======== RECORDS PROVIDED ========
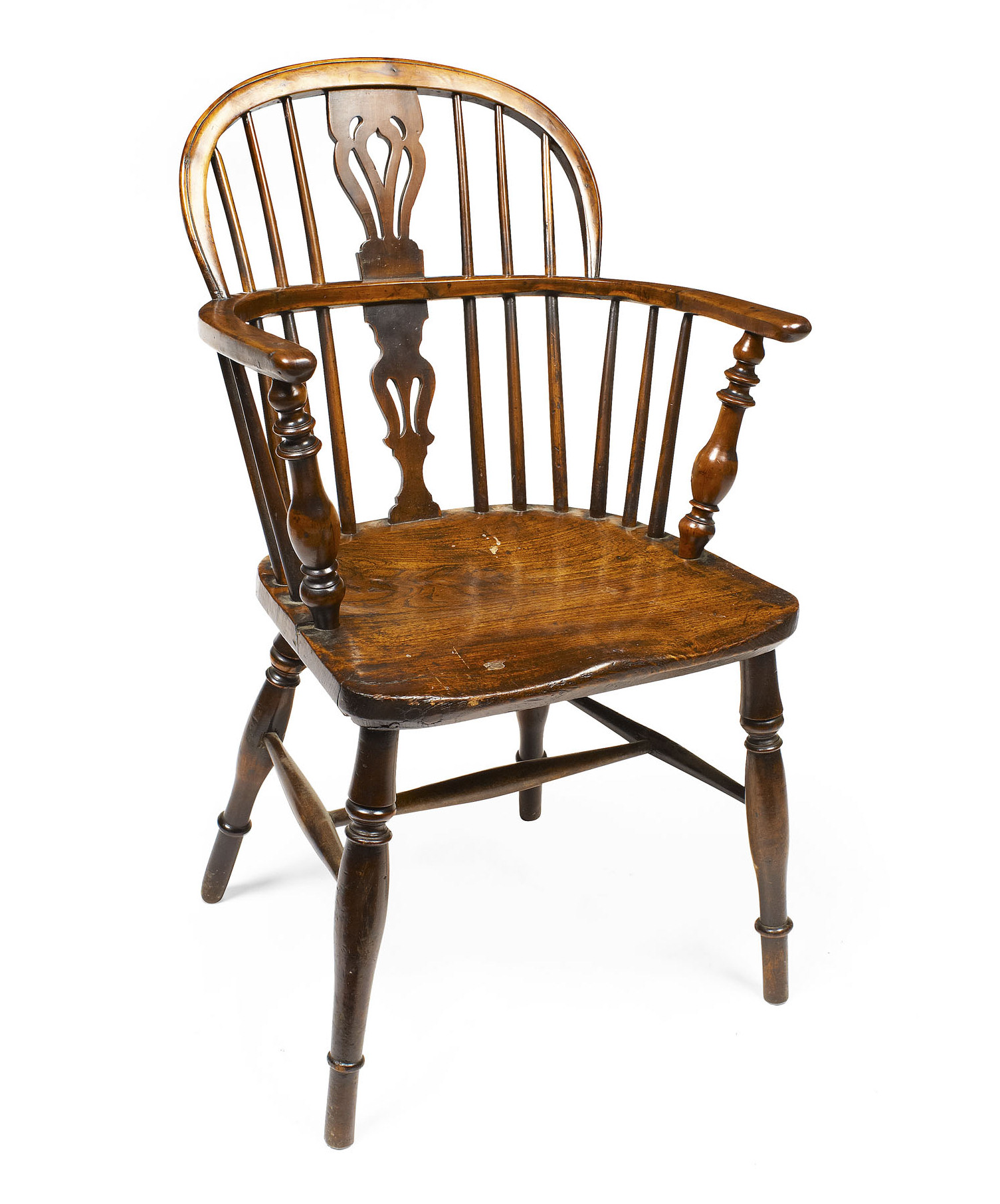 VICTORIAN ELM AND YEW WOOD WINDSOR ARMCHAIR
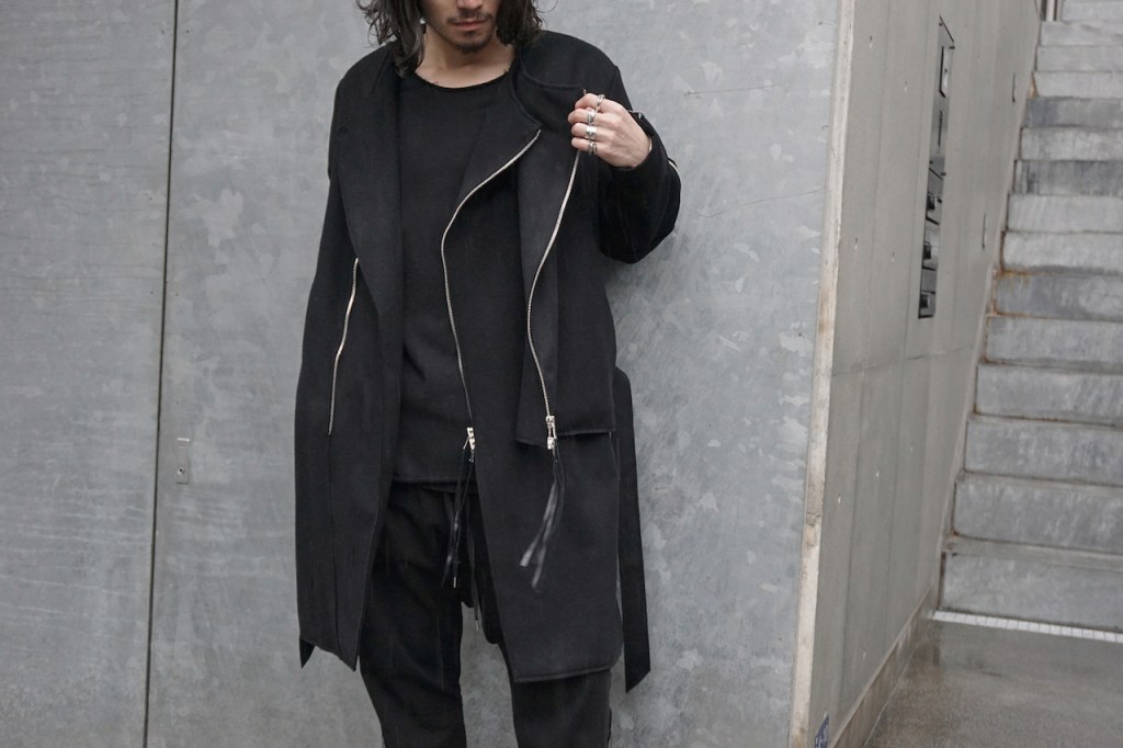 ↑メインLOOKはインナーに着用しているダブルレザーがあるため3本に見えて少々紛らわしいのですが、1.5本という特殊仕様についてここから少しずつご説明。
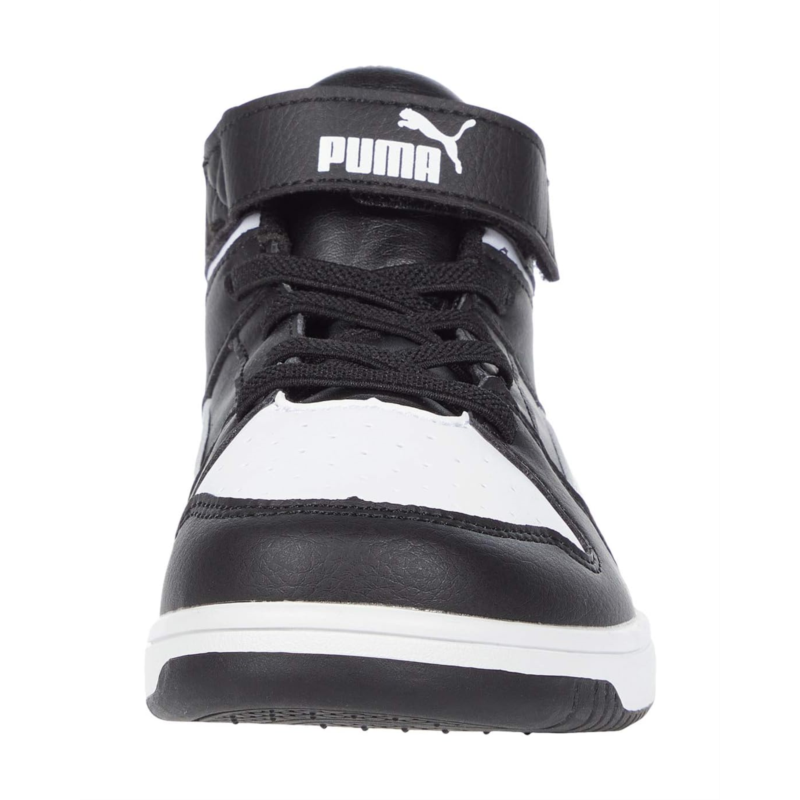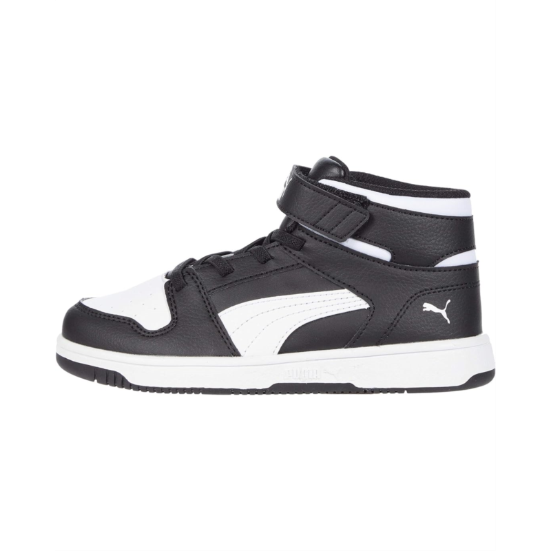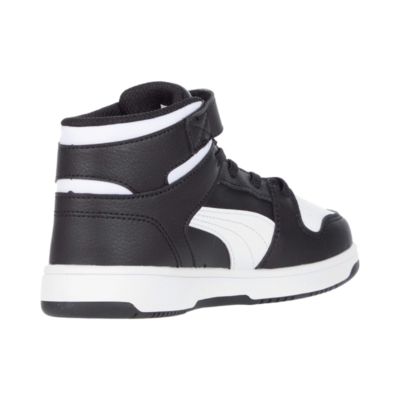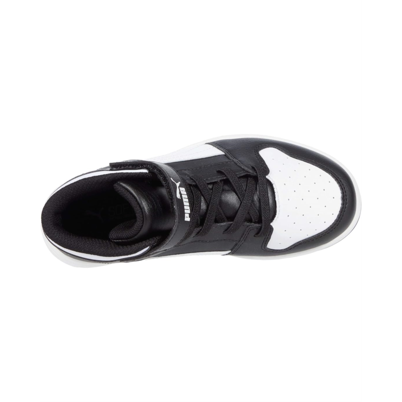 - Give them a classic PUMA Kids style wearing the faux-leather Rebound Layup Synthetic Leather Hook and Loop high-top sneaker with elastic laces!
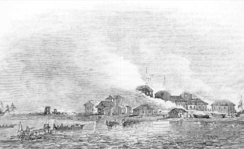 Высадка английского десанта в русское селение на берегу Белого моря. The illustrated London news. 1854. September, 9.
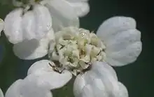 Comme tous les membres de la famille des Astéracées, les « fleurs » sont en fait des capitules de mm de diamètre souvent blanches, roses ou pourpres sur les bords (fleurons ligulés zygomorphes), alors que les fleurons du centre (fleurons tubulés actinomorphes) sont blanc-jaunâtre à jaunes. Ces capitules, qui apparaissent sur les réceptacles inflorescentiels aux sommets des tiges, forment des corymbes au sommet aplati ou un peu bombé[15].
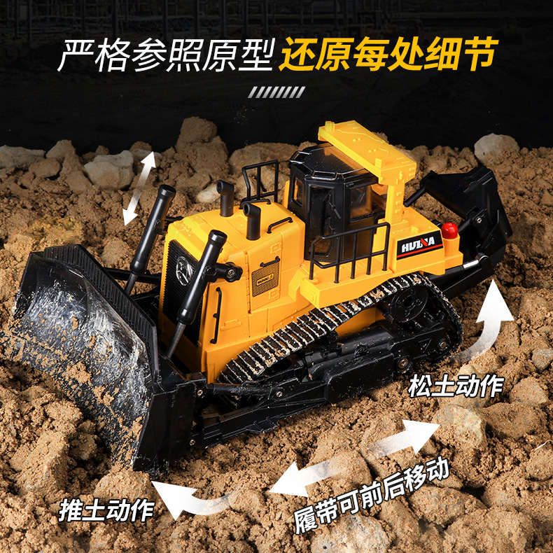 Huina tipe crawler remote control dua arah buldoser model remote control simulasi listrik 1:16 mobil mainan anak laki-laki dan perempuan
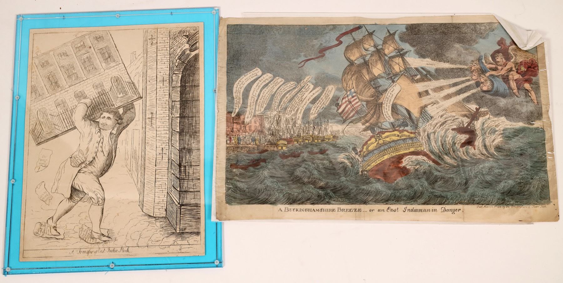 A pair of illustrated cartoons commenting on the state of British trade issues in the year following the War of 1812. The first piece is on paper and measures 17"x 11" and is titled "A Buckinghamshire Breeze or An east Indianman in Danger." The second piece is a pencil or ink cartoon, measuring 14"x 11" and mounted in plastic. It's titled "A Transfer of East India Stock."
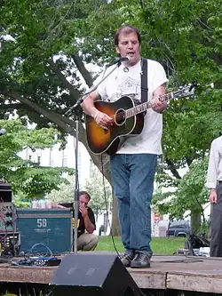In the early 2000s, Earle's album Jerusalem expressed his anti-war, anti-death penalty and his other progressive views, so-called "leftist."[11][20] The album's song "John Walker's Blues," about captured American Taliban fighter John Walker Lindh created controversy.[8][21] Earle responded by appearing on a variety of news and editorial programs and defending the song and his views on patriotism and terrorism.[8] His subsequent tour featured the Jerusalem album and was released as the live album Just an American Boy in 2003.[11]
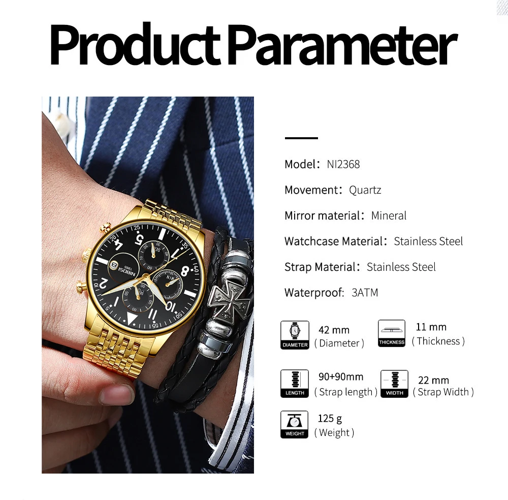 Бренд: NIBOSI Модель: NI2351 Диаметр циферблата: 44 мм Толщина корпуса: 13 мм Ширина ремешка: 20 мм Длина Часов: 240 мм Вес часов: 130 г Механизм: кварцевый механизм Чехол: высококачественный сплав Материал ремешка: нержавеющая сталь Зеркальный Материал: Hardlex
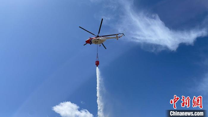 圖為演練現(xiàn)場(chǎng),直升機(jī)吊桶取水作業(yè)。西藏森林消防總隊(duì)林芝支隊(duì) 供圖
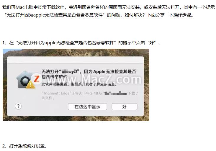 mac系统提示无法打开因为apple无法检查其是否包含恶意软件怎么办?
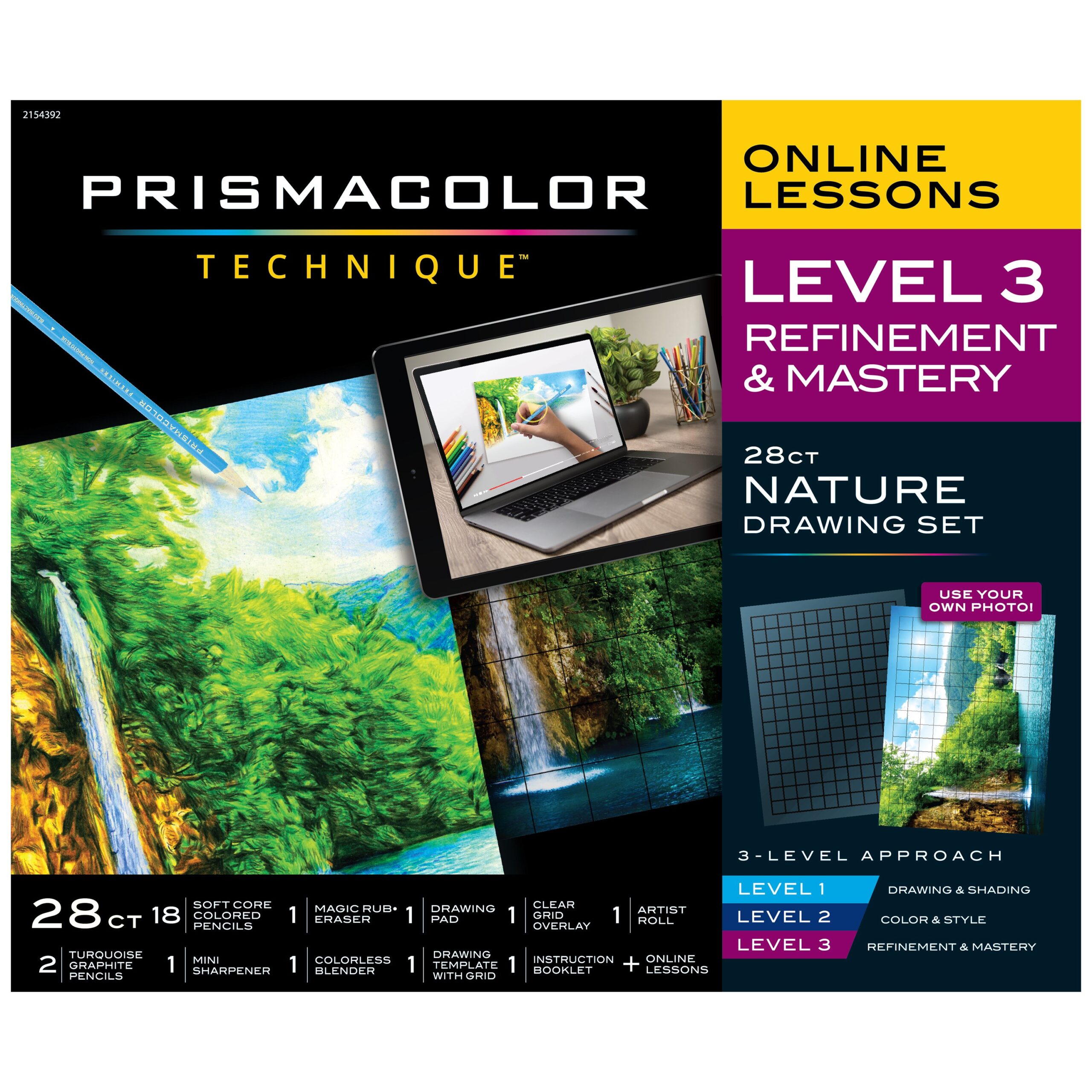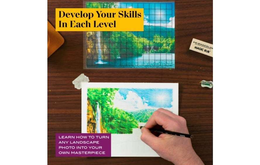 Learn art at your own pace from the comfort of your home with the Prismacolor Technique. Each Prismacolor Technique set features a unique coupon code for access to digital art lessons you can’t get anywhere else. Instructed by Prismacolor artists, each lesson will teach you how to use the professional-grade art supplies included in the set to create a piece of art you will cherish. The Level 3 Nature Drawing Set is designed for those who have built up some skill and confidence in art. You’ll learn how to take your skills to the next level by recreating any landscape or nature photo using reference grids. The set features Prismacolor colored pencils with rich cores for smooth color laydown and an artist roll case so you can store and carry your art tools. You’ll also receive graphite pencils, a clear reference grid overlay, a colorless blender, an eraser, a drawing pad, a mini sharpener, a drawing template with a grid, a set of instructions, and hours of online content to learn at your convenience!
========
> PROBLEM TO WORK ON
In the data above, start at the line holding "Huina tipe crawler" and stop after the line holding "In the early"; write out those lines exactly, without pictures.

> ANSWER BOX
 Huina tipe crawler remote control dua arah buldoser model remote control simulasi listrik 1:16 mobil mainan anak laki-laki dan perempuan
 A pair of illustrated cartoons commenting on the state of British trade issues in the year following the War of 1812. The first piece is on paper and measures 17"x 11" and is titled "A Buckinghamshire Breeze or An east Indianman in Danger." The second piece is a pencil or ink cartoon, measuring 14"x 11" and mounted in plastic. It's titled "A Transfer of East India Stock."
In the early 2000s, Earle's album Jerusalem expressed his anti-war, anti-death penalty and his other progressive views, so-called "leftist."[11][20] The album's song "John Walker's Blues," about captured American Taliban fighter John Walker Lindh created controversy.[8][21] Earle responded by appearing on a variety of news and editorial programs and defending the song and his views on patriotism and terrorism.[8] His subsequent tour featured the Jerusalem album and was released as the live album Just an American Boy in 2003.[11]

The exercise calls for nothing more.